• _Work to be completed_: Retype, exactly and completely, the listing that comes next, skipping its images.

• _Data shown_:

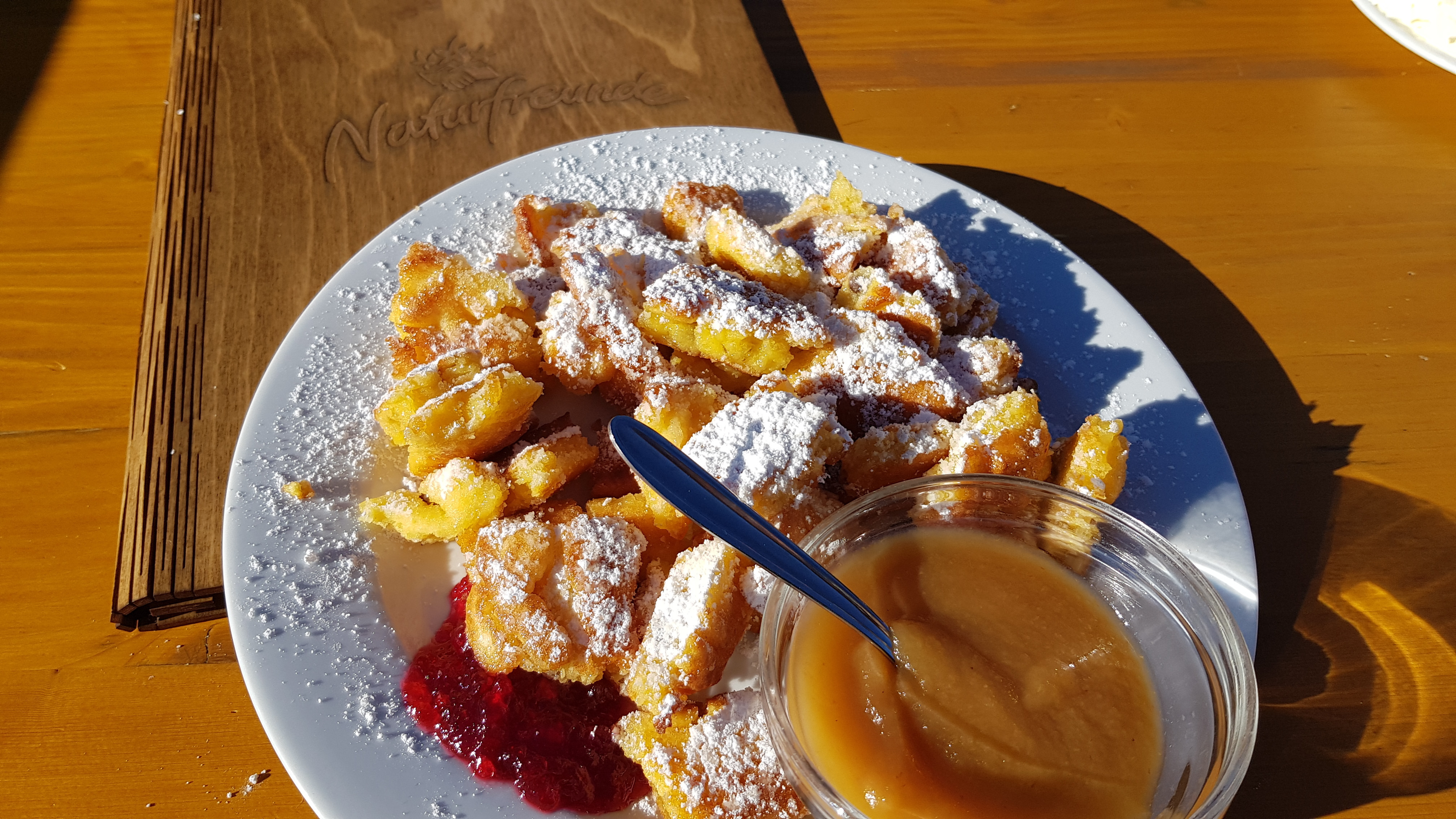 At Hochstein, the terrace of the Moosalm at the middle station invites you to eat dumplings. The Stern-Alm at the top station of the double chairlift offers a great view of the Lienz Dolomites and various soup variations. The most beautiful view on the Zettersfeld is certainly from the Steinermandlhütte. It is famous for its Schlipfkrapfen. A rustic terrace, where there is also après-ski with live music, awaits you at Mecki's Dolomiten Panoramastubn. We particularly liked the Naturfreundehütte and its Kaiserschmarrn terrace. Although it's a bit off the slopes, it's easy to get to via a side trail from the Faschingalm downhill run. The Kaiserschmarrn here is really a dream and absolutely worth the little detour! The prices in the ski huts are very family-friendly, an absolute plus in the ski region of Lienz in East Tyrol.
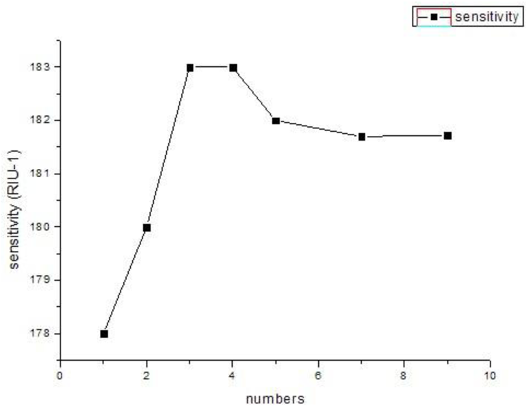 Meanwhile, as shown in Figure 7, the sensitivity will remain relatively stable with the continuous increase in the number of silver nanowires. We can explain this by noting that the increase of the numbers of silver nanowires has no enhanced coupling between the plasmonic mode and core-guided mode. So with this numerical result, better results are expected to be obtained filling with nanowires, which is more convenient to operate in practice than using nanowires. It can overcome the difficulties of coating the holes in the photonic crystal fiber and the control of the distance between the silver nanowires.
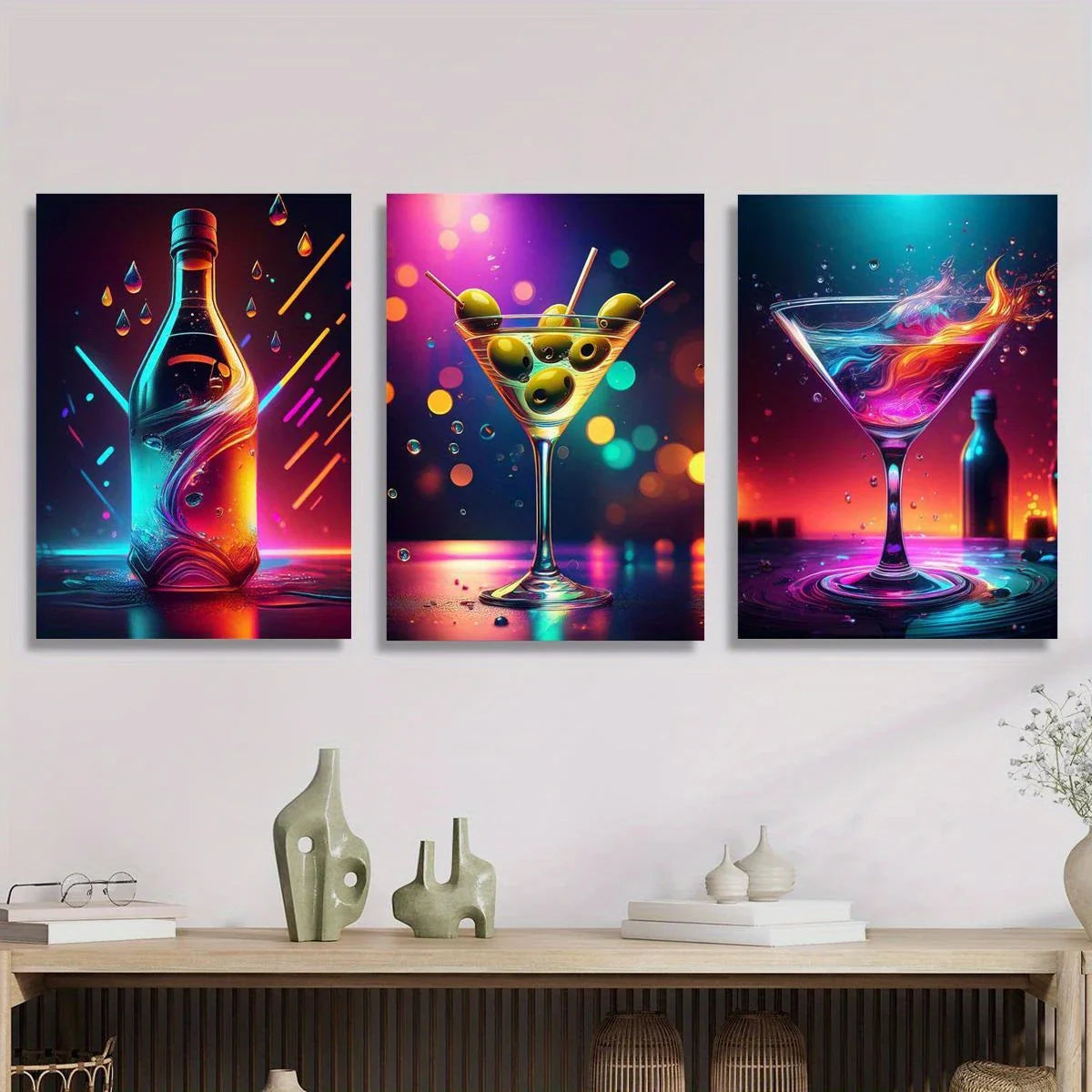 3pcs Roostertail, daily soup bar, neon wine glass Metal Print Ready to Hang Art

• _Solution for this problem_:
 At Hochstein, the terrace of the Moosalm at the middle station invites you to eat dumplings. The Stern-Alm at the top station of the double chairlift offers a great view of the Lienz Dolomites and various soup variations. The most beautiful view on the Zettersfeld is certainly from the Steinermandlhütte. It is famous for its Schlipfkrapfen. A rustic terrace, where there is also après-ski with live music, awaits you at Mecki's Dolomiten Panoramastubn. We particularly liked the Naturfreundehütte and its Kaiserschmarrn terrace. Although it's a bit off the slopes, it's easy to get to via a side trail from the Faschingalm downhill run. The Kaiserschmarrn here is really a dream and absolutely worth the little detour! The prices in the ski huts are very family-friendly, an absolute plus in the ski region of Lienz in East Tyrol.
 Meanwhile, as shown in Figure 7, the sensitivity will remain relatively stable with the continuous increase in the number of silver nanowires. We can explain this by noting that the increase of the numbers of silver nanowires has no enhanced coupling between the plasmonic mode and core-guided mode. So with this numerical result, better results are expected to be obtained filling with nanowires, which is more convenient to operate in practice than using nanowires. It can overcome the difficulties of coating the holes in the photonic crystal fiber and the control of the distance between the silver nanowires.
 3pcs Roostertail, daily soup bar, neon wine glass Metal Print Ready to Hang Art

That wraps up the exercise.